Лидер Phoenix рассказал, почему никто не может защититься от DDoS-атак российских хакеров
В месяц пророссийские хакеры зарабатывают сотни тысяч рублей, однако доход от хактивизма нерегулярный, поэтому порой после удачного сезона некоторым приходится идти на обычную работу, чтобы платить по кредитам. Об этом «Газете.Ru» в интервью рассказал Chapaevv, лидер пророссийской хакерской группировки Phoenix. Хакер также рассказал о связях с Украиной и объяснил, почему изначально Phoenix была представлена в СМИ «как украинская группировка, примкнувшая к российским хактивистам».
Репрезентация
– Как давно существует Phoenix?
– С мая 2022 года.
– А как же та группировка Phoenix, которую арестовали на Украине в 2021 году и с которой вас связывал KillNet?
– Сложно назвать тот Phoenix «группировкой». Скорее, это был небольшой филиал большого хакерского объединения.
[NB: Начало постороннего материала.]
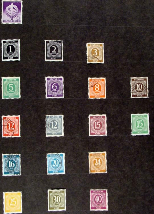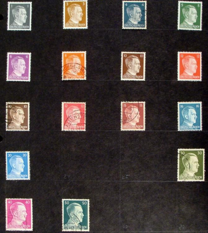 Here are 34 different German stamps dating from around the WWII period. There 16 Hitler stamps in denominations from 1-50. At least 8 are used, with postmarks showing, and the rest appear to be unused. They ome pasted on a sheet. The opposite side of the * sheet has 18 Deutsche Post stamps in denominations from 1-40, plus one Deutsches Reich 6 stamp from 1942. All are in very good condition.
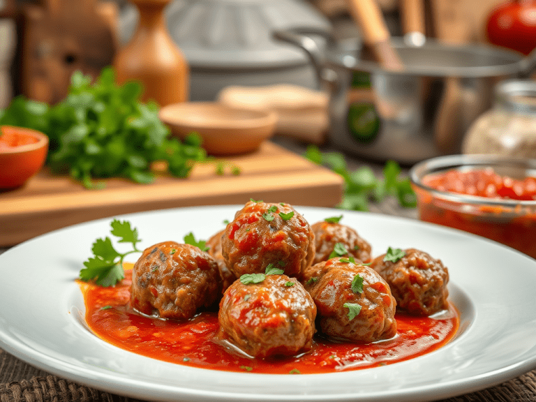 Add tomatoes, simmer 30 minutes, return meatballs to sauce.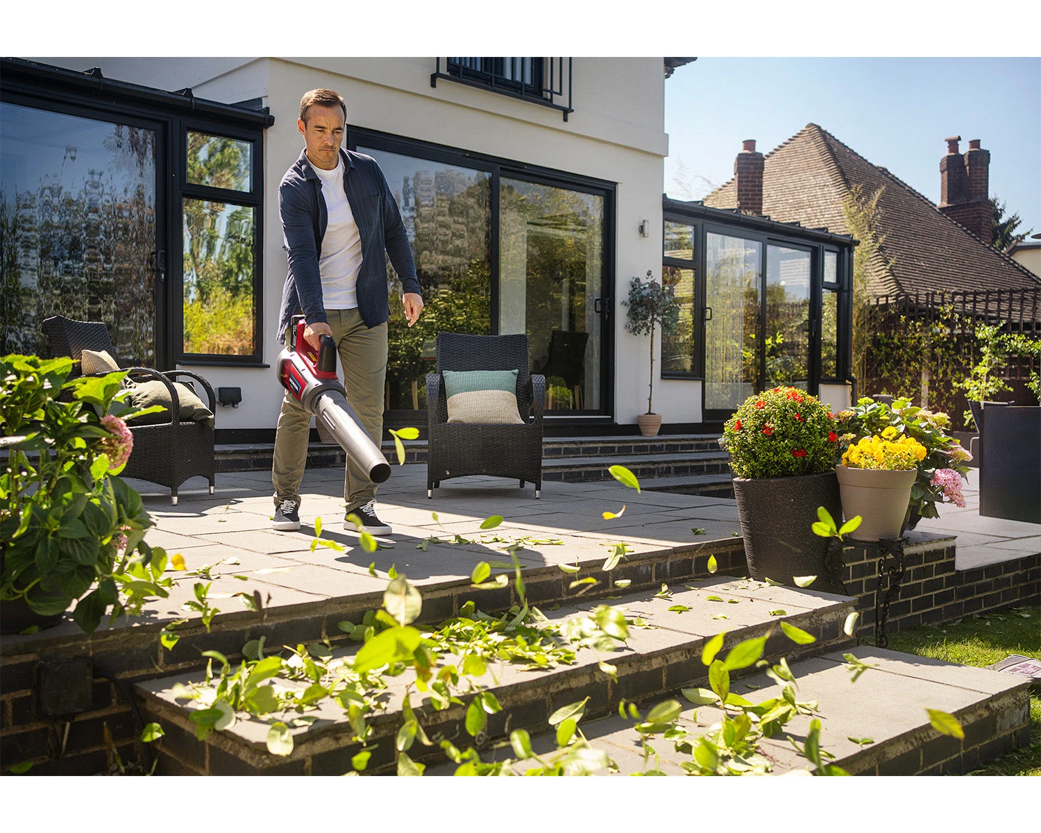 - Removes leaves from paved surfaces, driveways or pavements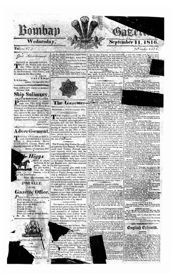 The Bombay Gazette (Weekly Edition), 11 September 1816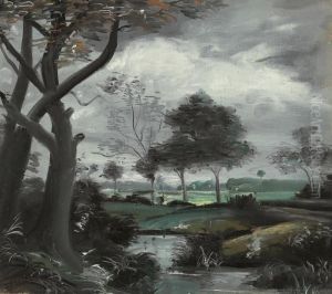 Paysage Avec Maison Rose.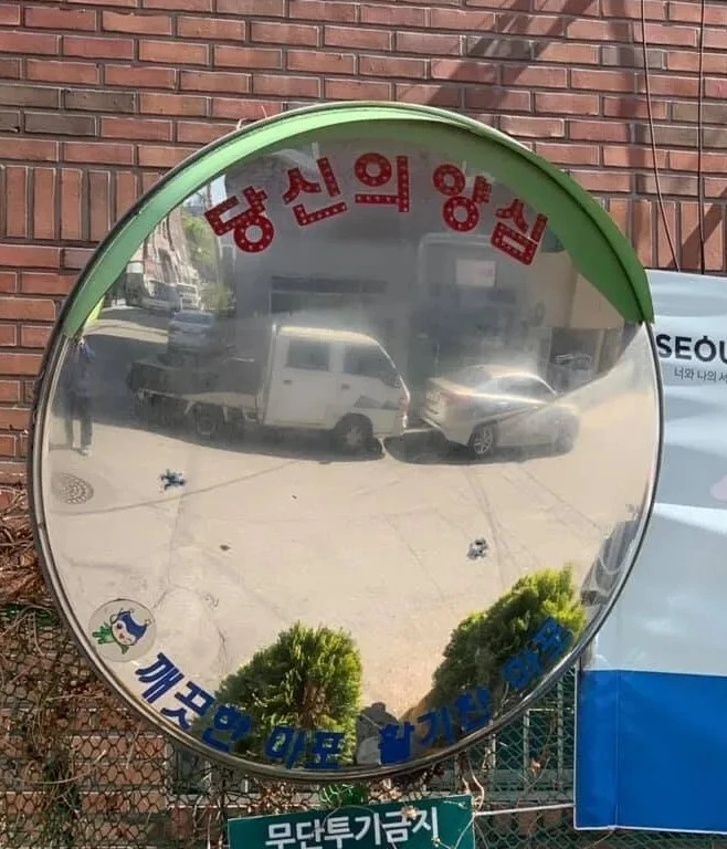 마포구에 위치한 어느 길목에는 사람들이 종종 쓰레기를 무단 투기하는 곳이 있다. 이에 참다 못한 공무원들은 큰 거울을 달아 놓고 거기에 붉은 글씨로 "당신의 양심"이라고 써 놓았다. 왜 양심 혹은 가슴은 늘 붉은색인가. 하여튼, 이곳에 몰래 쓰레기를 버리러 온 사람은 그 큰 거울을 마주 보게 되며, 그 거울 속에는 쓰레기를 버려는 자신이 비치게 된다. 당신의 양심이라는 크고 붉은 글씨와 함께. 이것은 21세기 한국형 파놉티콘이 아닐까. 쓰레기를 버리려고 이 자리에 온 사람은 감시자를 보는 대신, 쓰레기를 손에 든 자기 자신을 본다. 할 수 없이 본다. 이 역시 외부 메커니즘을 통해 강제된 자기 통제이며, 그런 점에서 마포구의 쓰레기 투기 지역 큰 거울은 자기 감시의 메커니즈을 강제하는 장치이다.(같은 책, 170~171쪽)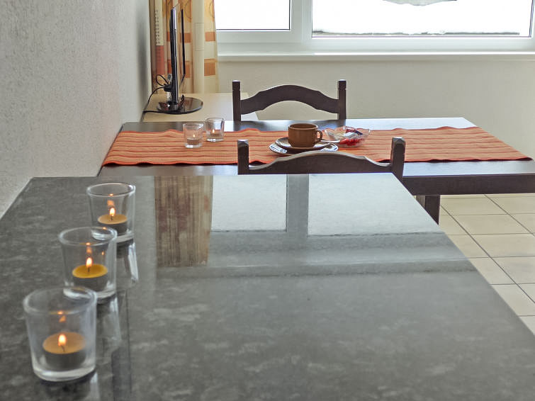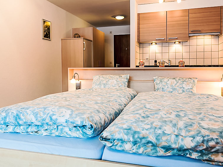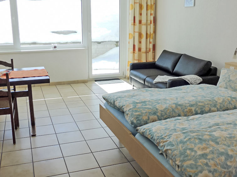 Monolocale 30 m2. Restaurato nel 2015, arredamento gradevole e accogliente: soggiorno/sala da pranzo con 2 letti (90 cm, lunghezza 190 cm), TV (satellite) e radio. Cucina aperta (forno, lavastoviglie, 4 piastre cottura in vetroceramica, macchina da caffè elettrica, capsule per la macchina da caffè (Nespresso) extra, set per fondue (formaggio)) con doccia/WC. Doccia/WC. Riscaldamento a pavimento. Balcone o terrazza, esposizione sud. Mobili da terrazza. Splendida vista sulle montagne. A disposizione: asciugacapelli. Internet (wifi, gratis). Parcheggio (1 Auto). Prego notare: appartamento per non fumatori. Massimo 1 animale/cane consentito. Le foto degli interni sono esempi di abitazione.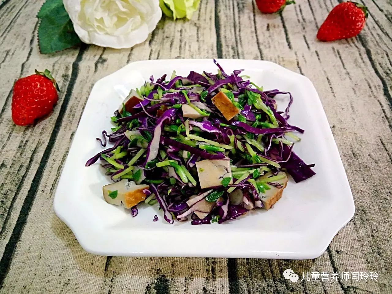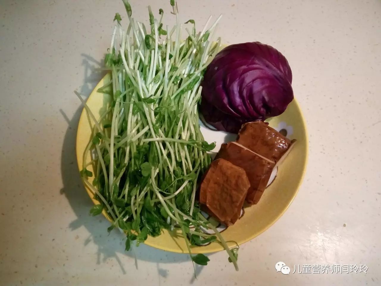 紫甘兰的营养价值是不错的,VC、VE、胡萝卜素等维生素含量都非常丰富,紫甘兰是紫色蔬菜之一,紫色蔬菜有很强的抗氧化功能,特别富含植物化学物质花青素,有增强抵抗力,预防过敏,抗菌消炎的功效;豌豆苗富含胡萝卜素,在体内可以转化成VA,能修复呼吸道粘膜,同时也具有消炎的作用;孩子生病期间,消化功能也比较弱,通常会减少或暂停高蛋白、高脂肪、高糖的食物,像肉、蛋、鱼、虾等,以减轻宝贝的消化负担,这个时候,我们就可以利用豆制品中的植物优质蛋白来代替动物性食物中的蛋白质,等孩子恢复后,再逐渐增加;宝贝生病期间会需要更多的水分,所以还要多喝温开水,少量多次的饮用,对于疾病的恢复会有很好的帮助。
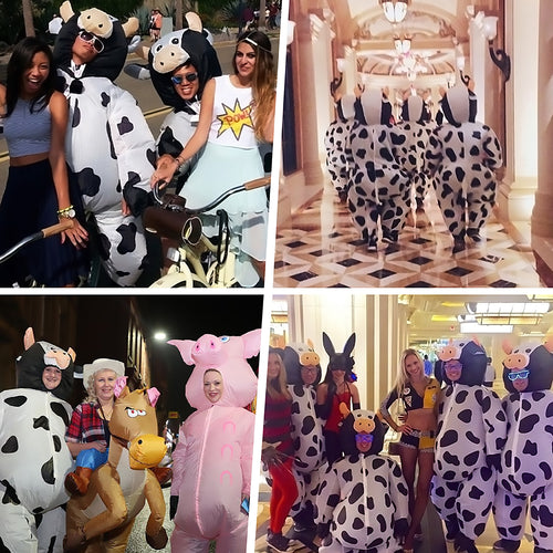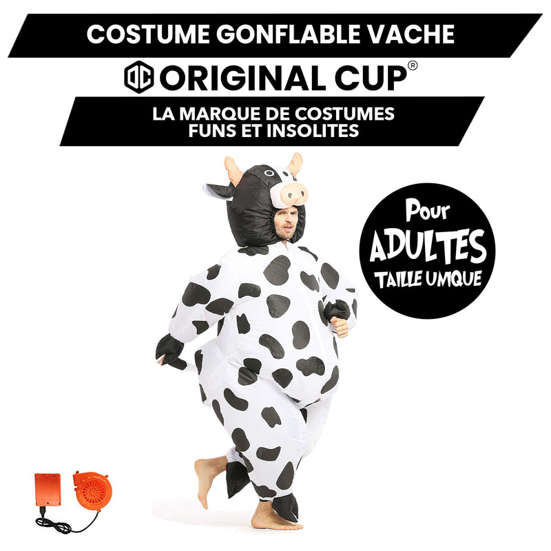 Déguisement gonflable insolite de Vache. Facile à gonfler grâce à ses 2 ventilateurs intégrés fonctionnant avec piles (type AA non fournies).
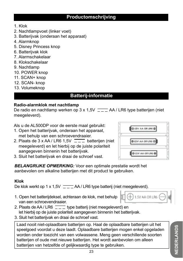 Batterij-informatie Radio-alarmklok met nachtlamp De radio en nachtlamp werken op 3 x 1,5V meegeleverd). AA / LR6 type batterijen (niet Als u de AL500DP voor de eerste maal gebruikt: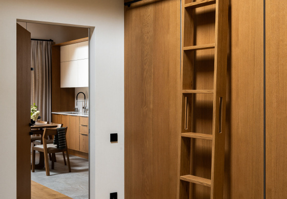 Стенка, делящая основное пространство зоны с прихожей, — это цельная конструкция, которая проектировалась вместе с кухней. Металлический каркас устанавливали до укладки плитки, а после зашивали шпоном со стороны прихожей. Таким образом, кухня стала декоративным приёмом разделения зон.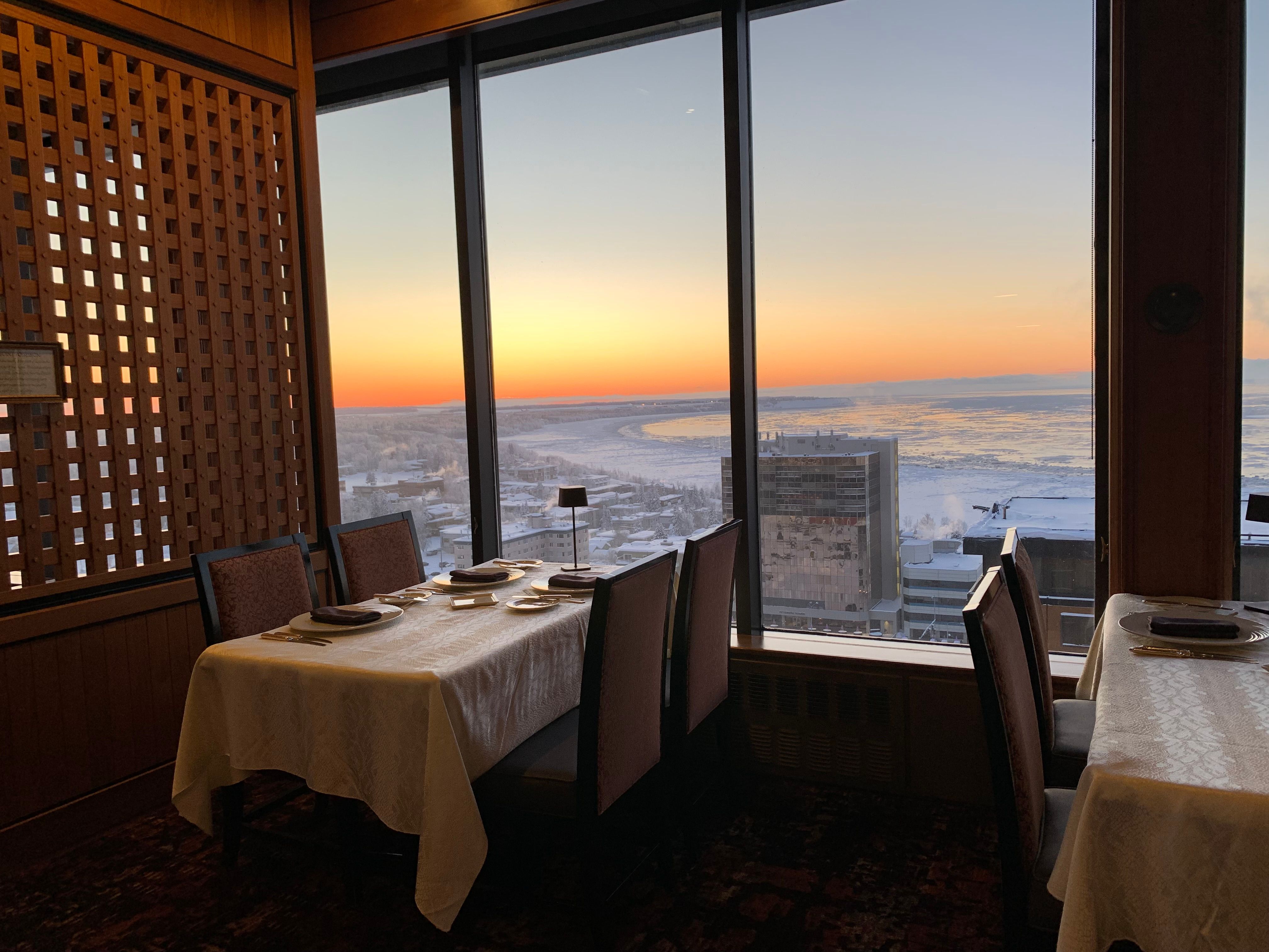 Innovative French and New American cuisine, paired with an outstanding selection of over 10,000 bottles of wine. 360 degree views of downtown Anchorage, Chugach Mountain Range and Cook Inlet. Experience Alaska’s finest, at the Hotel Captain Cook. Dining room is reserved for guest who want the full dining experience. Our bar and lounge offers open seating for guests. All guests for be of 16 years or older to dine in our bar and lounge.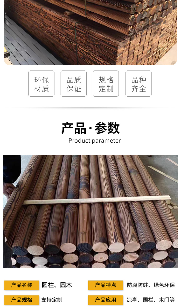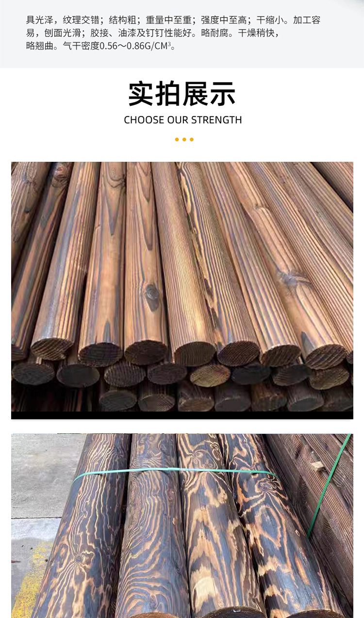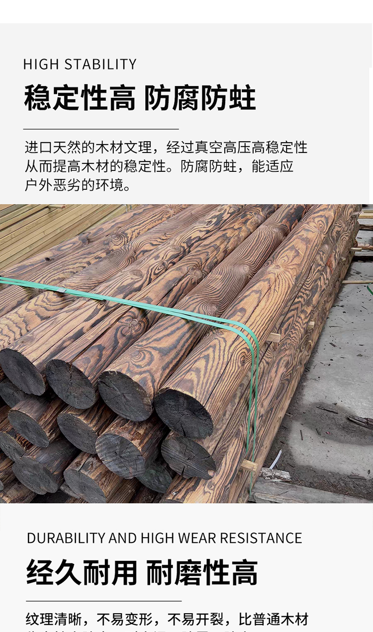 景宸 碳化圆松木棍 120×120×3000mm 1根

В нем работали пять человек, которых курировала группа лиц, в числе коих я находился.
– Что за объединение?
– Не могу сказать.
– Чем занимался украинский «филиал» ?
– В СБУ, конечно, рассказали, что они были великими и ужасными – взламывали iPhone и Android-смартфоны… По факту же они были пешками, дропами (дропы – это категория киберпреступников, которая занимается обналичиванием украденным денежных средств. – «Газета.Ru»).
СБУ сильно приукрасили возможности тех ребят, чтобы придать важность своей операции. За арестованными парнями стояли более серьезные фигуры, которые, насколько я знаю, сейчас на свободе. За пределами Украины.
– Почему тогда новую группировку Phoenix в KillNet презентовали нам «как украинских хакеров, примкнувших к России»?
– В KillNet просто не знали о нюансах, которые я сейчас вам сообщил. Я – создатель текущего Phoenix, я же ранее курировал и тот Phoenix на Украине. Поэтому мне логика KillNet ясна и никаких претензий я не имею.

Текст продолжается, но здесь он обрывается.